■ **RECORDS FOR THE EXERCISE**
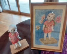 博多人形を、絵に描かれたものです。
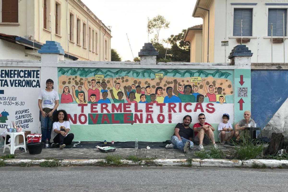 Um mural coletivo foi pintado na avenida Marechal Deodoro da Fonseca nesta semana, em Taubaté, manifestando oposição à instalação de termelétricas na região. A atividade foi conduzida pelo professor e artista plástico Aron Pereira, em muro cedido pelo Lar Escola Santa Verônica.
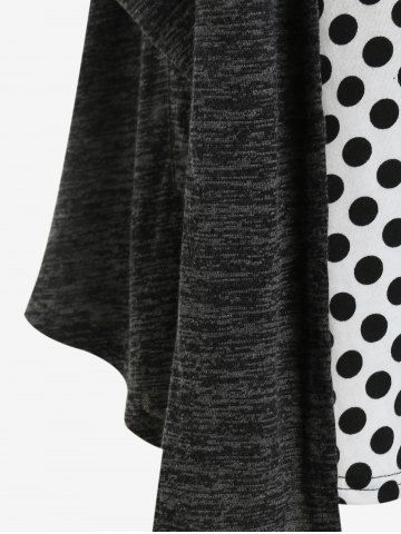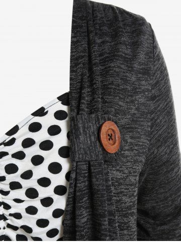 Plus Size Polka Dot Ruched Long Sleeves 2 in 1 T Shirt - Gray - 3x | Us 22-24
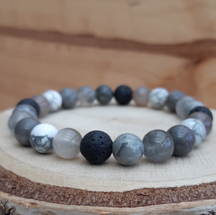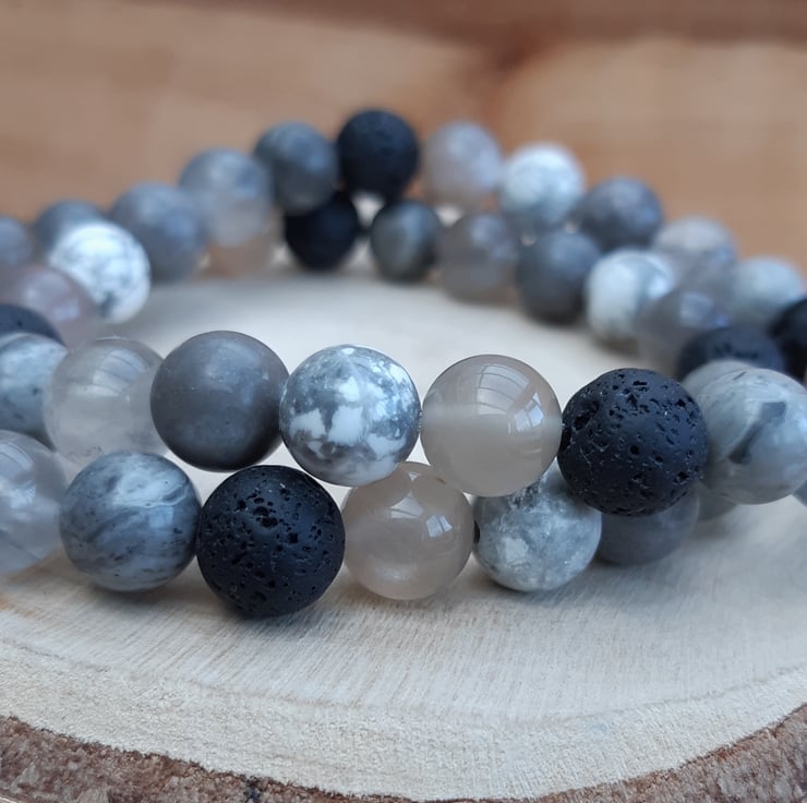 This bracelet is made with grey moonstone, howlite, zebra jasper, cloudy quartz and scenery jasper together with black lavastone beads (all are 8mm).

---

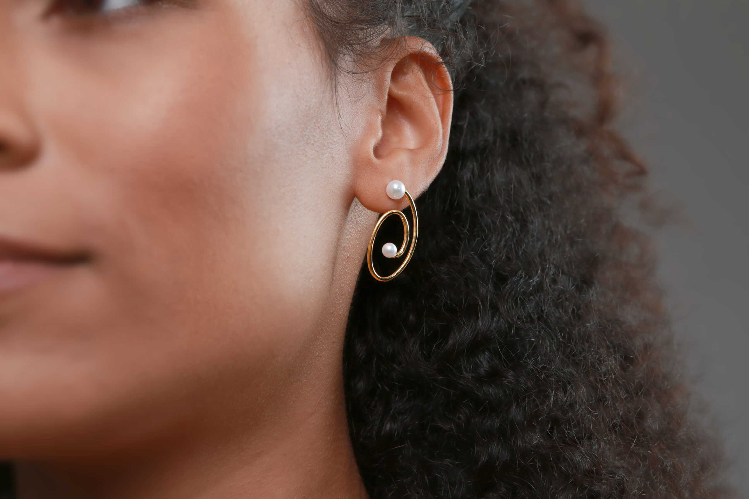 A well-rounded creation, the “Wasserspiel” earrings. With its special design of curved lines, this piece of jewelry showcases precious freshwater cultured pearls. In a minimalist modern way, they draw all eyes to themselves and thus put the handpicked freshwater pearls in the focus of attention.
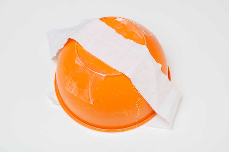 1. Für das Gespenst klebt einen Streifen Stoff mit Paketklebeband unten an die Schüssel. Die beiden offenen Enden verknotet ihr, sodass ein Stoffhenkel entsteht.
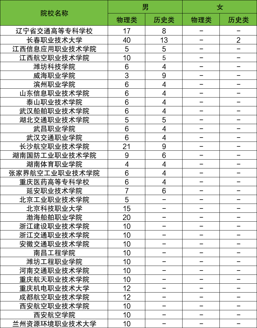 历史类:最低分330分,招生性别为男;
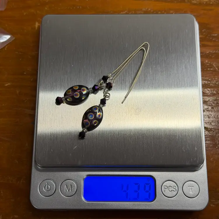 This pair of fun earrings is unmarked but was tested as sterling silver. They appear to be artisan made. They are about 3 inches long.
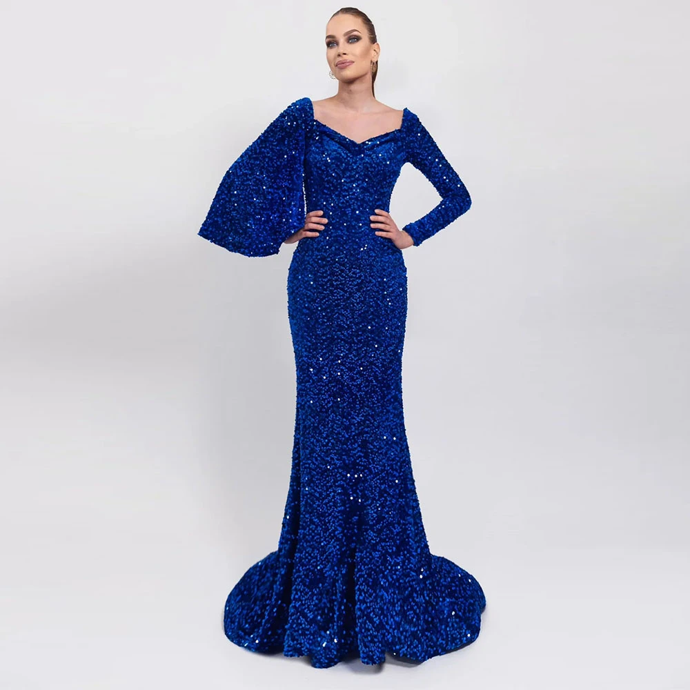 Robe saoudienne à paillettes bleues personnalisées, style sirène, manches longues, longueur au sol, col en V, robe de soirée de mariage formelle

■ **EXERCISE AIM**
From the records above, output only the lines starting at the one containing "博多人形を、絵に描かれたものです。" and ending at the one containing "Um mural coletivo", word for word. Pictures stay out.

■ **TASK OUTPUT**
 博多人形を、絵に描かれたものです。
 Um mural coletivo foi pintado na avenida Marechal Deodoro da Fonseca nesta semana, em Taubaté, manifestando oposição à instalação de termelétricas na região. A atividade foi conduzida pelo professor e artista plástico Aron Pereira, em muro cedido pelo Lar Escola Santa Verônica.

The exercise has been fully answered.